Opened 9 years ago

Closed 9 years ago

#517 closed enhancement (complete)

Empty node processing in MemoryZone difficult Part

Reported by: hanfeng Owned by: hanfeng
Priority: medium Milestone: A-Team-Sprint-20110209
Component: data source Version:
Keywords: Cc:
CVSS Scoring: Parent Tickets:
Sensitive: no Defect Severity:
Sub-Project: Feature Depending on Ticket:
Estimated Difficulty: 0.0 Add Hours to Ticket: 0
Total Hours: 0 Internal?: no

Description

Add interface to rbtree to support find the next node for one node

Subtickets

Change History (16)

comment:1 Changed 9 years ago by hanfeng

  • Component changed from Unclassified to data source
  • Owner changed from hanfeng to UnAssigned
  • Status changed from new to reviewing

comment:2 Changed 9 years ago by hanfeng

  • Owner changed from UnAssigned to hanfeng

comment:3 Changed 9 years ago by hanfeng

  • Owner changed from hanfeng to UnAssigned

comment:4 Changed 9 years ago by jinmei

  • Owner changed from UnAssigned to jinmei

comment:5 follow-up: Changed 9 years ago by jinmei

I've taken a quick look at it, and made some minor editorial changes I'd
propose (2f151e4).

gcov indicated all code is covered by tests, which is good.

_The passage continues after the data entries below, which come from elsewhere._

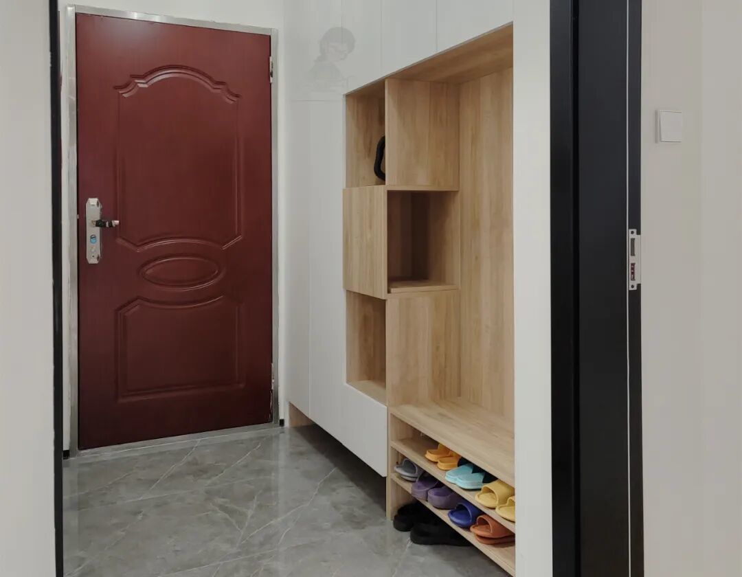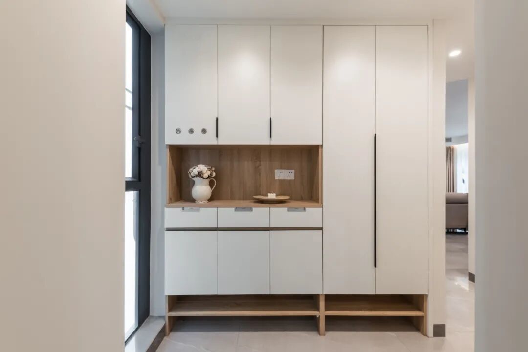 ②鞋柜底部必留空:这是最实用的缠绵莫得之一!鞋柜底部留空15-20cm,用于收纳常用拖鞋,进门脱鞋后胜利踢进去,拖鞋申脚就能穿上,无需弯腰拿鞋,相等便捷。何况还保管玄关整洁,幸免满地鞋子的情况。
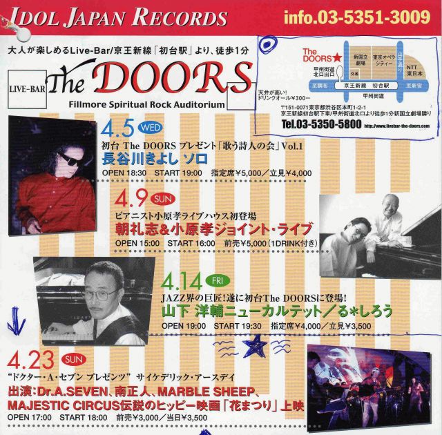 管理人様!告知させて頂きます。 さあ!ナミさん!ファン!は必見! ☆☆《アースデイ特別企画脱線編?》☆☆ ドクター・A・セブン プレゼント! ☆☆『サイケデリック・アースデイ』☆☆ の始まり始まり!! ■4月23日(日) ■PM5時〜会場! サイケデリック・リキッド・ライティング PM6時〜開演!〜PM10時半まで?? ■場所は渋谷区・初台のライブハウス 「The DOORS」にて! ■アクセスは 京王新線「新宿駅」から1駅 「初台駅」下車〜甲州街道北口より徒歩!30秒! http:
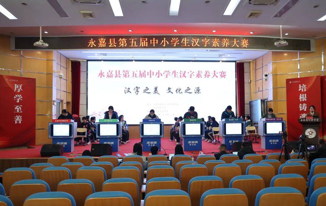 11月20-21日,由永嘉县语委、县教育局主办的第五届中小学生汉字素养大赛在实验中学举行,全县42支中小学代表队经过两天的紧张角逐,最终瓯北中心小学、县实验中学分别获得小学组和初中组第一名,并将代表永嘉县参加全市比赛。县教育局党委委员、副局长徐胜飞为获奖选手颁奖。
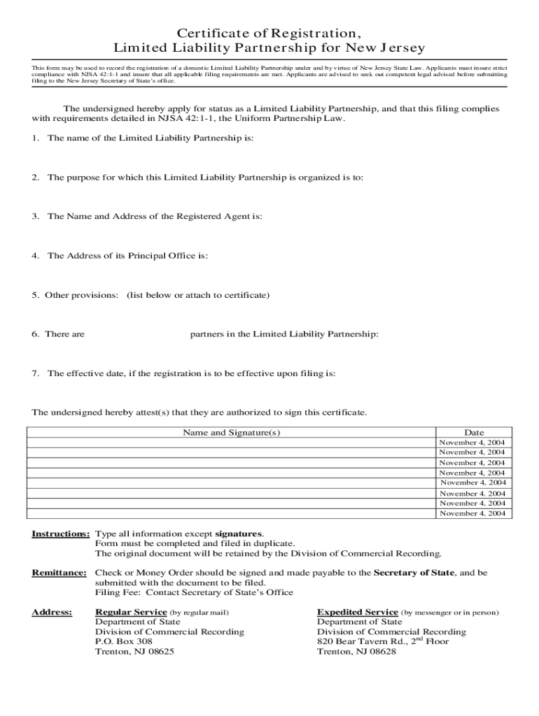 Get the free Certificate of Registration, Limited Liability Partnership for ...
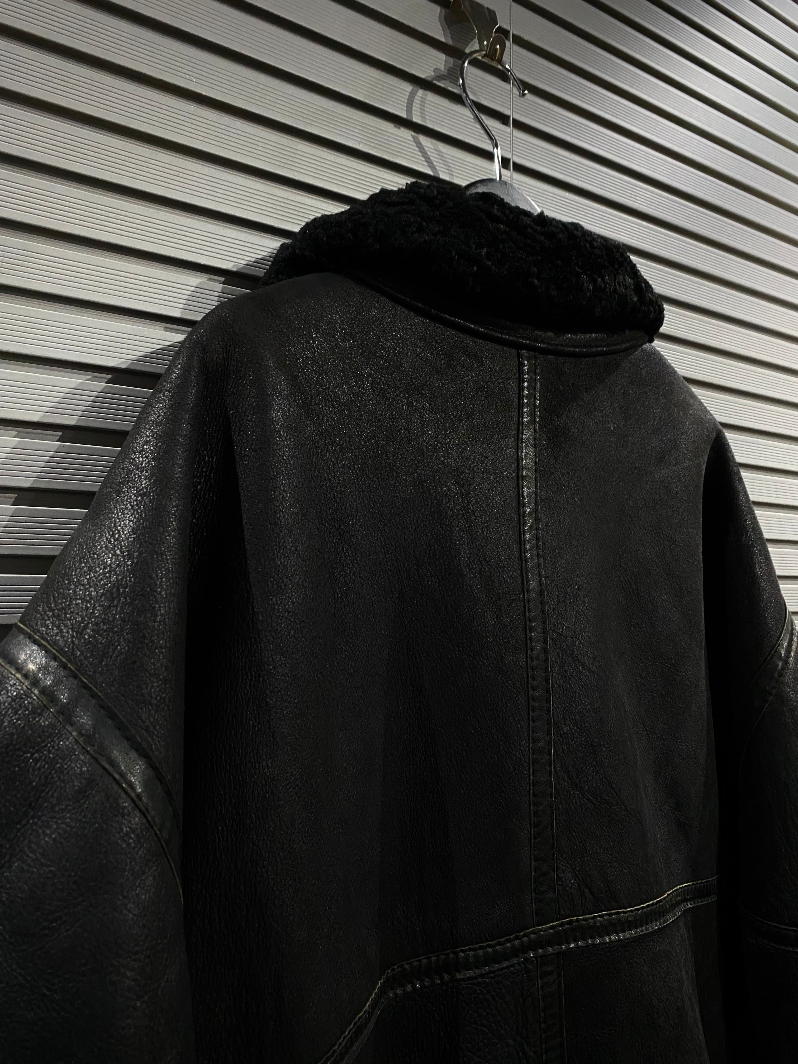 しっとりとした質感のムートンを使用し、鈍い艶を纏ったブラックボディが全体を引き締める印象。襟元から袖口にかけて覗くボアが視覚的にも防寒性の面でもしっかりとした説得力を持ち、アウターとしての完成度を高めています。
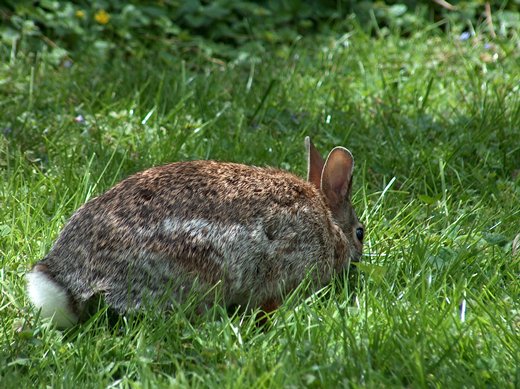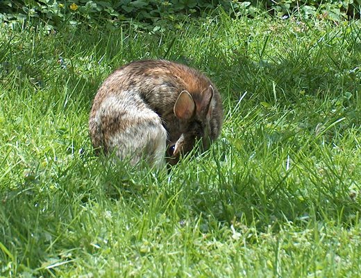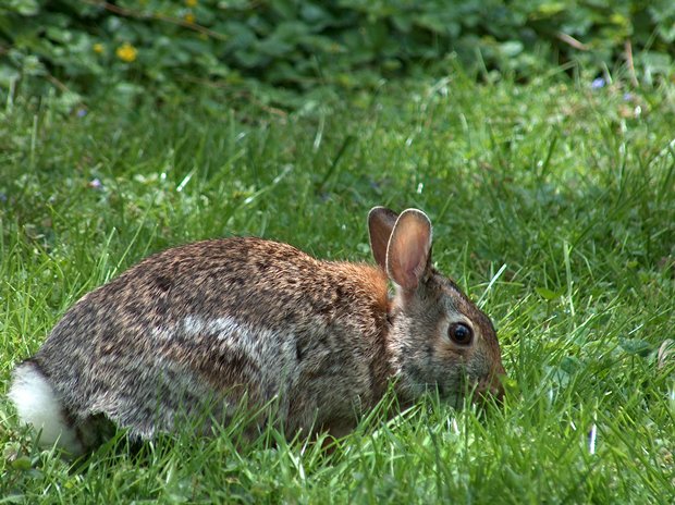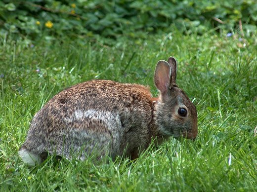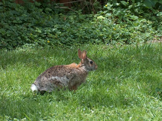 That dog has passed on, but we have rabbits that look just like that one in your pictures. They regularly visit our back yard, and my lady has adopted them as pets. So I have been told to forget the weed killer and let the clover and dandelions grow. The funny thing is that the grass still covers the yard, and the lawn looks okay.
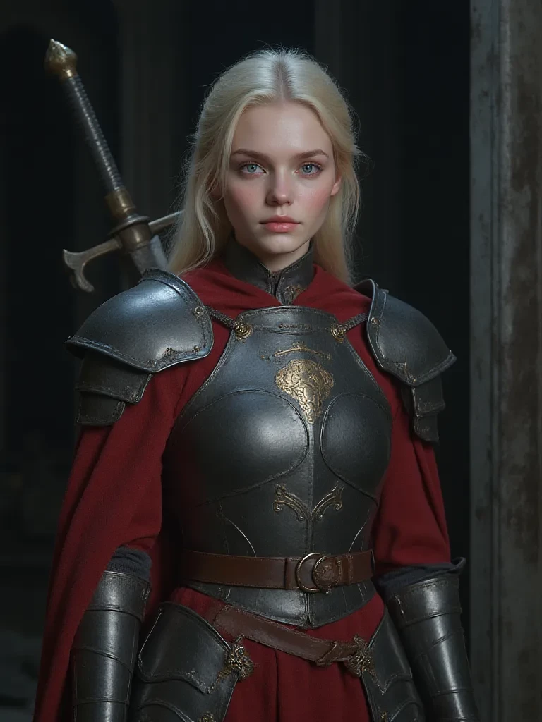 Lady Seraphina "Seraph" Valkorian — I am Lady Seraphina Valkorian, Knight of the Realm and Princess of the Royal House. My path, it seems, has become irrevocably entwined with yours, though under circumstances I never wished for. Your sentence weighs heavily upon this kingdom, and upon me. I find myself caught between my sacred vows and the inexplicable pull to you, a prisoner deemed an enemy of the Crown. This truth is a blade at my throat, but I will not abandon you to the shadows.

Most of the editorial changes are s/foo */foo*/, s/foo &/foo&/, etc.
This seems to be quite common patches you submitted. If this convention
is difficult for you to follow, I'd suggest you write a simple checker
script and run it (and fix any trivial style issues) before you ask a
review. That would help the reviewer focus on the more substantial part
of code and make the review process smoothier.

One non-editorial change is that for the RBTree class constructor.
I changed needsReturnEmptyNode_ to a const variable (so that we
don't have to worry about the case where it's dynamically modified),
and initialize the variables in a member initialization list
(as that's the only way to initialize a const variable).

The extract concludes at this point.